Well, not so fast. In large, complex software projects, changing even the seemingly most insignificant variables can change the behavior of the system in unexpected ways. I’ll never forget a bug I spent well over a week tracking down, where, depending on the length of the program’s command line, subsequent memory allocations’ addresses shifted around. Someone was accessing an uninitialized structure element on the stack, and the garbage contents of this stack element (which were actually quite deterministic) would change as the program’s command line length changed. The bug would appear and go away as people checked in random other changes to the source code (which in turn shifted the addresses around again), but with any given exact set of binaries, the bug would either consistently happen or consistently not happen.
Likewise, my experience on large projects — let’s say, any project larger than 100K lines of code – has been that switching/upgrading compilers always causes at least one unexpected gotcha. This is especially true for C++ (as opposed to C) projects. Again, I could dredge up any number of obscure problems from past experience. Upgrading compilers is not a no-brainer; it’s a decision with pros and cons that has to be made carefully, and if you upgrade, all of the members of your team should upgrade at the same time.
If we’re talking about Visual Studio, I’d also be remiss to not talk about the C runtime library issues. If you build with 2005, you need the 2005 runtime installed on your computer; if you build with 2008, you need the 2008 runtime installed. The runtimes also have service pack levels, so a 2005 SP1 app requires the 2005 SP1 runtime. Again, it really does matter which exact compiler you are using, including service pack level.
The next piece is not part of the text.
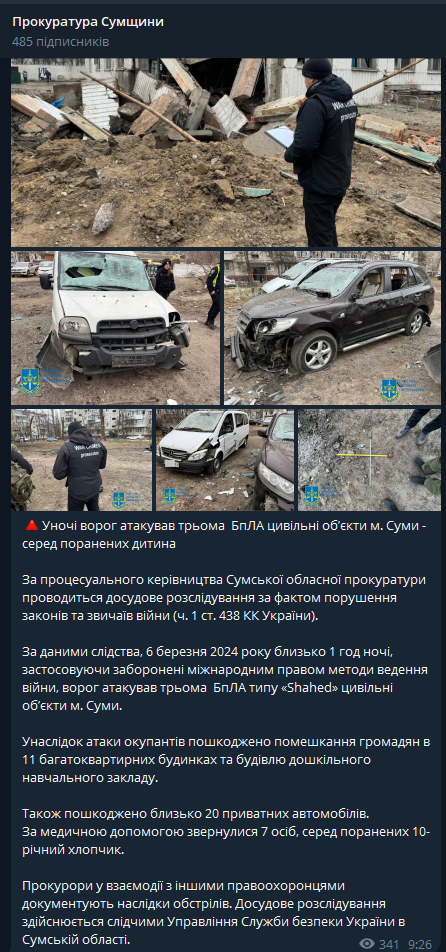 Прокуратура публикует фото последствий сегодняшней атаки РФ по Сумам.

Let’s return to the topic of revision control. What, exactly, should we put in the revision control system? We all know that our source code goes there, as do our build scripts, including any scripts required to create our installers. Test cases and test scripts often go there too. But this is still incomplete. In my view, your compiler, linker, and related tools also belong in revision control. So do all of the system header files you include and all the system libraries you link against. So do the headers and libraries for any third-party SDKs you rely on.
I believe it is a serious mistake to pick up whichever compiler, linker, headers, and libraries happen to be installed on the computer doing the build or happen to be pointed at by the user’s environment variables. This is a good way to get machine-dependent builds: two people build the same source code and get different results. “Different results” could mean one person gets a compile error and the other doesn’t. Or, it could mean that their builds both succeed, but they produce different binaries that behave differently.
Machine-dependent builds may be tolerable in small, informal projects, but if the software project is key to your company’s livelihood, do you really want to take that chance? In science we speak of “reproducibility of results”: if one person cannot independently validate another’s research, we are inclined to distrust that research. Thus, it’s important to keep a full record of all the methodology you use in your research, so that someone else can set up the exact same experiment you did. It’s no different with computers and software engineering.
There are other advantages to machine-independent builds, beyond reproducibility of results.
- You don’t have to “install” any software on your OS to get a build up and running — you just check out a tree and you’re good to go.
- You don’t have to roll out patches to the team and make sure that everyone installs them; you just commit a change that updates the tool and everyone gets it for free.
- It’s much more likely that you will be able to accurately reconstruct old builds. For example, supposing Version 1.0 was built using VS2008 and Version 1.1 was built using VS2008 SP1, if you want to go back to track down a Version 1.0 issue, you really should switch back to using the original compiler you used on that release, without the service pack installed. If the tools are in revision control, there’s no chance that you will forget to do this.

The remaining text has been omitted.